Cryptophasa tecta

Scientific classification
- Kingdom: Animalia
- Phylum: Arthropoda
- Clade: Pancrustacea
- Class: Insecta
- Order: Lepidoptera
- Family: Xyloryctidae
- Genus: Cryptophasa
- Species: C. tecta
- Binomial name: Cryptophasa tecta (T. P. Lucas, 1894)
- Synonyms: Pilostibes tecta T. P. Lucas, 1894; Cryptophasa baliocosma Turner, 1917;

= Cryptophasa tecta =

- Authority: (T. P. Lucas, 1894)
- Synonyms: Pilostibes tecta T. P. Lucas, 1894, Cryptophasa baliocosma Turner, 1917

Species of moth

Cryptophasa tecta is a moth in the family Xyloryctidae. It was described by Thomas Pennington Lucas in 1894. It is found in Australia, where it has been recorded from the Northern Territory and Queensland.
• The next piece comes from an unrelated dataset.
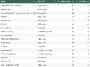 值得注意的是,中国的申请者包括多所大学,例如浙江大学(21项专利族)、江南大学(16项)和中国海洋大学(12项)。这表明政府的“非常强烈”的兴趣以及有意采取协作方式来建设国家细胞农业生态系统。

The wingspan is 25–28 mm. The forewings are slaty grey, becoming ashy grey toward the base and the basal half of the costa, finely and profusely pencilled with black, a row of conspicuous black spots on the median, the first near the base, the second at one-third, and the third at two-thirds, a row of three inconspicuous black dots on the costa at one-fifth, two-thirds and three-fourths. The hindwings are fuscous grey.